What is needed => Would you reproduce, word for word, only the lines running from the top of the data through the line containing "わんこ服夏物collecti", and none of the pictures?

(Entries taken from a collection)
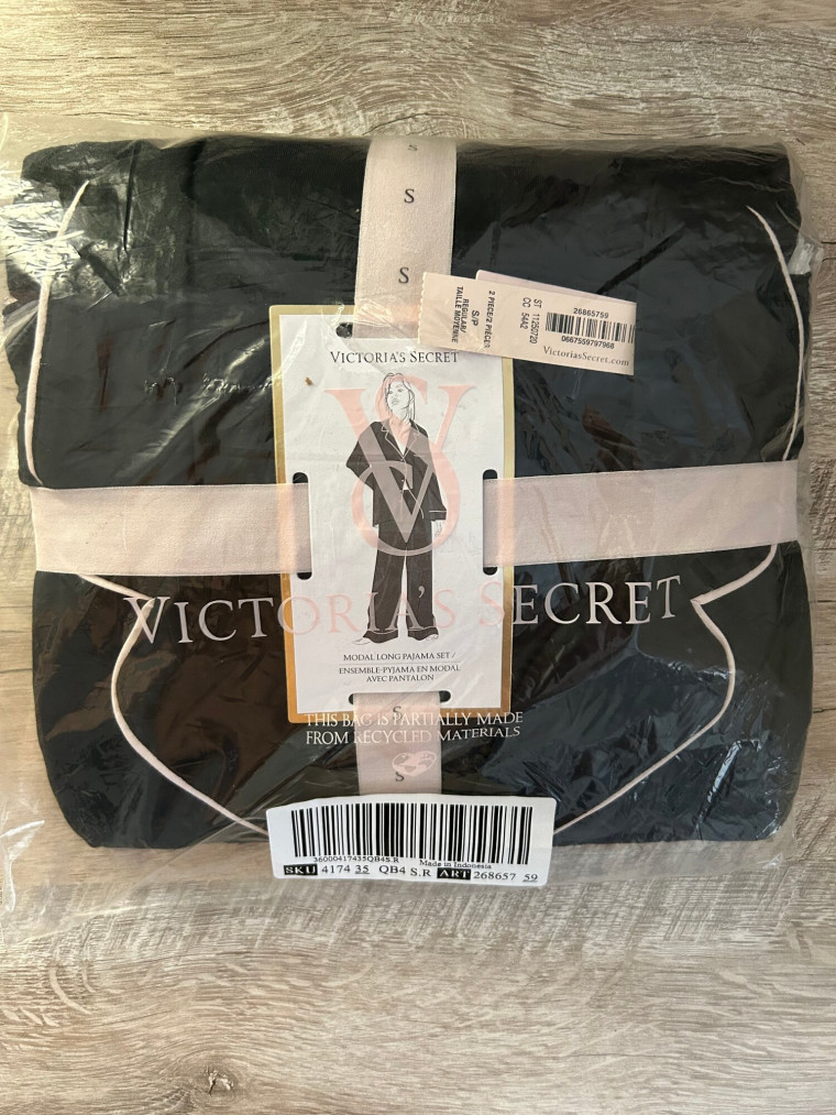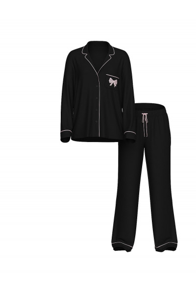 Ваш любимый пижамный комплект из модала? Мы украсили его бантом. Эти топовые пижамы Виктория Сикрет не только мягкие и облегающие, но и невероятно лёгкие, обеспечивающие комфорт в любое время года. Карман украшен кружевным бантом. Цвет пижамы: черная с окантовкой.
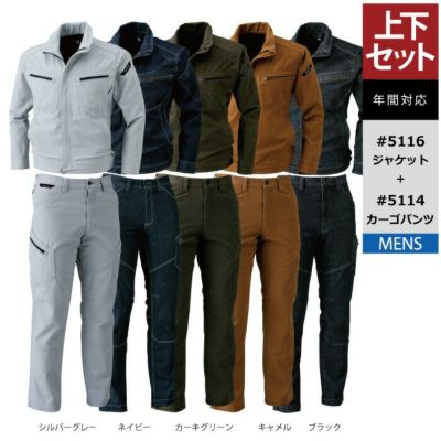 藤和 TSDESIGN 作業服 上下セット 5116 ジャケット と 5114 メンズカーゴパンツ S-LL オールシーズン かっこいい おしゃれ 作業着 ズボン
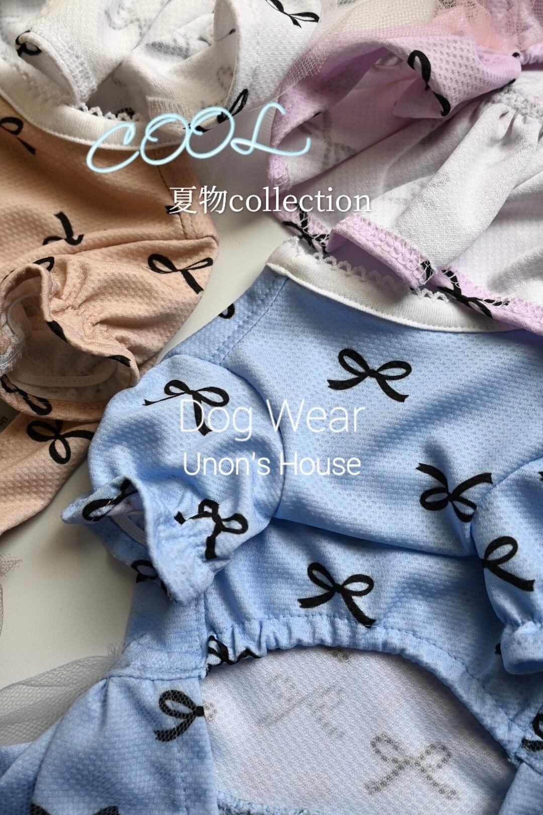 わんこ服夏物collectionスタートです!ひんやりクールクロスニット生地を使ったお洋服や綿素材の涼しげなワンピースなど製作準備中です✨
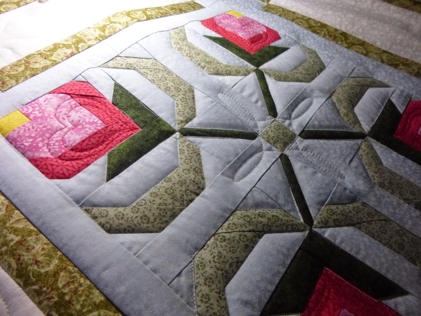 The pattern name is Those Blooming Buds. It seems that in all my awesome brilliance I forgot to snap a photo of the whole quilt after quilting.
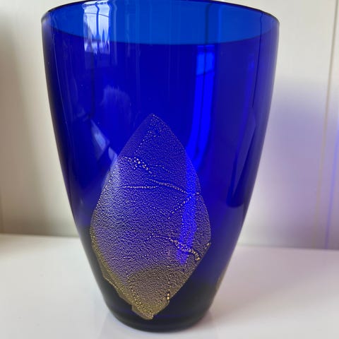 Kobolt blå vase med gulldekor. Designet av Lena Hansson for Hadeland. Høyde 19 cm.

Reply =>
 Ваш любимый пижамный комплект из модала? Мы украсили его бантом. Эти топовые пижамы Виктория Сикрет не только мягкие и облегающие, но и невероятно лёгкие, обеспечивающие комфорт в любое время года. Карман украшен кружевным бантом. Цвет пижамы: черная с окантовкой.
 藤和 TSDESIGN 作業服 上下セット 5116 ジャケット と 5114 メンズカーゴパンツ S-LL オールシーズン かっこいい おしゃれ 作業着 ズボン
 わんこ服夏物collectionスタートです!ひんやりクールクロスニット生地を使ったお洋服や綿素材の涼しげなワンピースなど製作準備中です✨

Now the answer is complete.